#### TASK TO CARRY OUT
For this exercise, write out only the lines of the entries below from the one with "- 인크로스 (8,810원" up to and including the one with "قابلیتهای ساعت هوشمند", exactly as they are. Pictures stay out.

#### MATERIALS PROVIDED
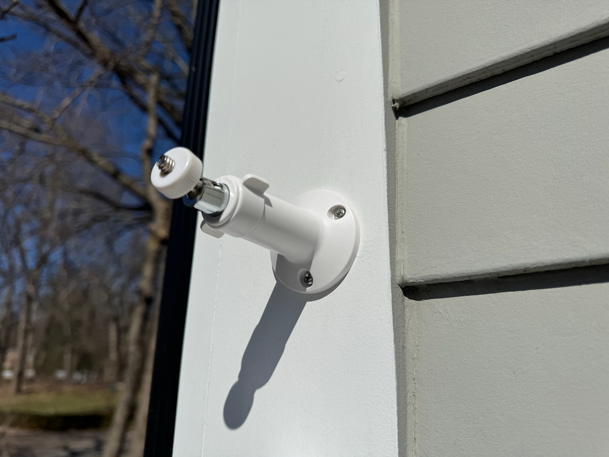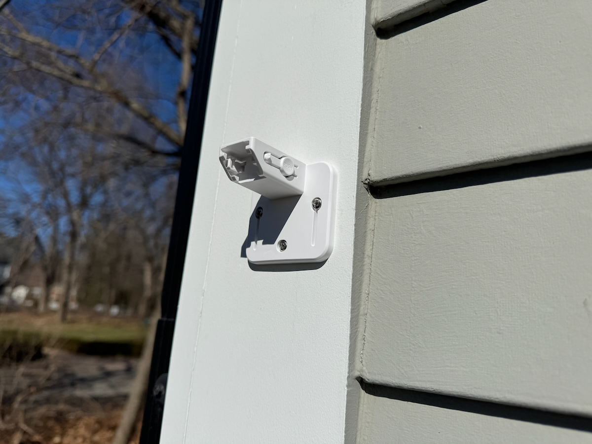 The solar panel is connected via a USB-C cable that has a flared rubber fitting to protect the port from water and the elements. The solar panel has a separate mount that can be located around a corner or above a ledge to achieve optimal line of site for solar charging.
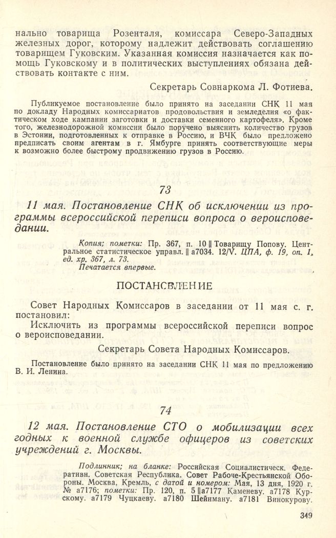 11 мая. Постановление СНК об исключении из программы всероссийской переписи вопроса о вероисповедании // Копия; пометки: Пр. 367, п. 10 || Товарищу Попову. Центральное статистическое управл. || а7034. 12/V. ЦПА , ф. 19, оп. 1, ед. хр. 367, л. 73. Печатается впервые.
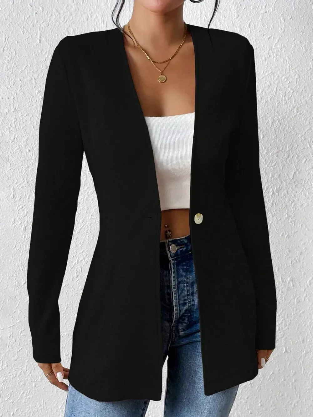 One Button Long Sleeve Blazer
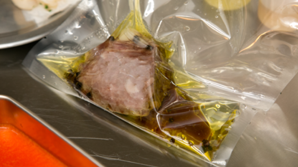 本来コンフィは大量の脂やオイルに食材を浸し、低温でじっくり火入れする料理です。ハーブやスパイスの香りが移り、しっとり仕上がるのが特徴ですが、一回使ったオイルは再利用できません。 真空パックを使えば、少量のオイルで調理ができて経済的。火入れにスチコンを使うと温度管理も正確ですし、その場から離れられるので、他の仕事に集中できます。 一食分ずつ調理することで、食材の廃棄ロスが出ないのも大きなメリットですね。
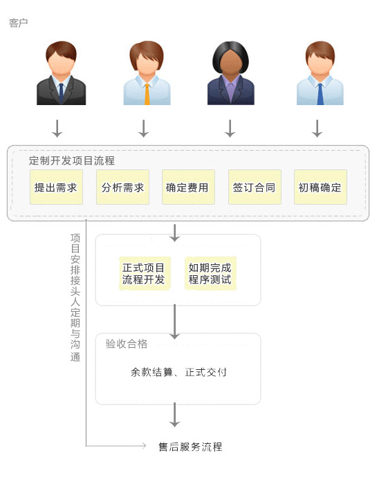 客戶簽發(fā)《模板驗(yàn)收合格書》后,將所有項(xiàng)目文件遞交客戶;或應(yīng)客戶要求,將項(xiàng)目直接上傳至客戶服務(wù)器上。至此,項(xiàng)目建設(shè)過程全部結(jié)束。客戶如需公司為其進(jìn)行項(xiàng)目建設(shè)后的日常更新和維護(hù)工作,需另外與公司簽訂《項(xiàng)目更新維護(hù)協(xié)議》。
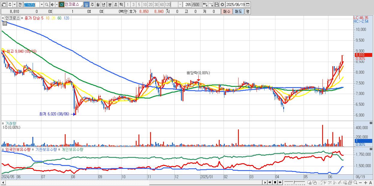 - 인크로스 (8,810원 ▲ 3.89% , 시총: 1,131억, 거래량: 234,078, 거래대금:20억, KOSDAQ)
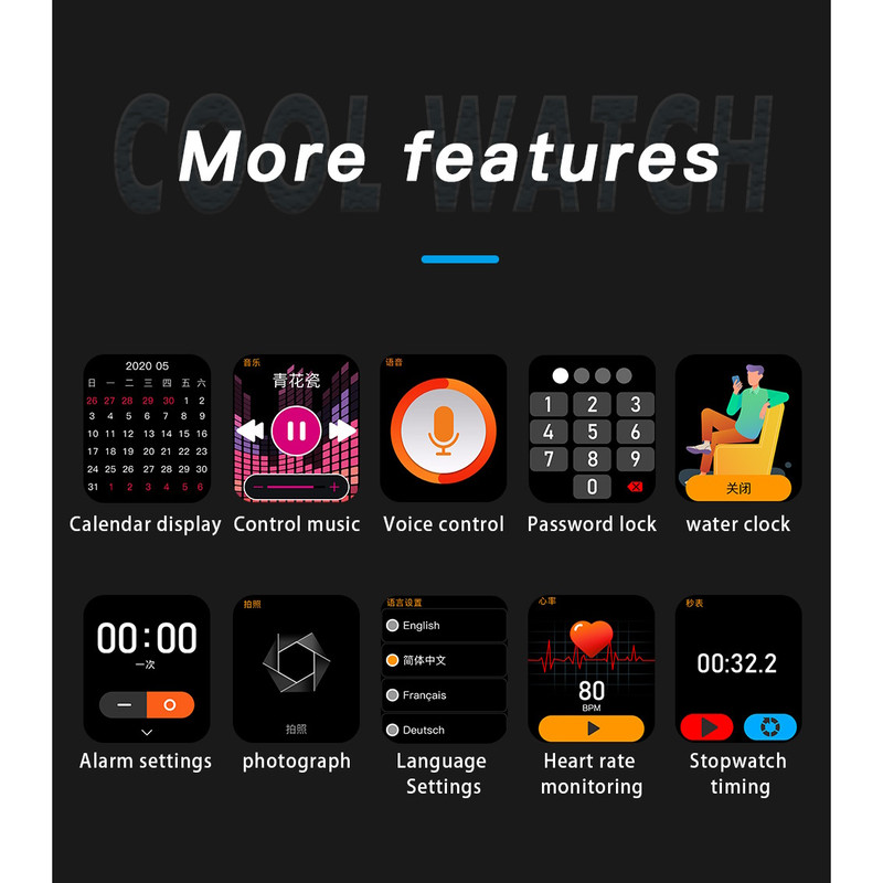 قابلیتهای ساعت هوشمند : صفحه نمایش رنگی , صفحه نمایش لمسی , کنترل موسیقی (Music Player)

--

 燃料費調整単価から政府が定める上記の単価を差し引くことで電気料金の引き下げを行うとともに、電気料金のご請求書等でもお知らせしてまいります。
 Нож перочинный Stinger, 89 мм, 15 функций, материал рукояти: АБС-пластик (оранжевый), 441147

#### RESPONSE TO THIS TASK
 - 인크로스 (8,810원 ▲ 3.89% , 시총: 1,131억, 거래량: 234,078, 거래대금:20억, KOSDAQ)
 قابلیتهای ساعت هوشمند : صفحه نمایش رنگی , صفحه نمایش لمسی , کنترل موسیقی (Music Player)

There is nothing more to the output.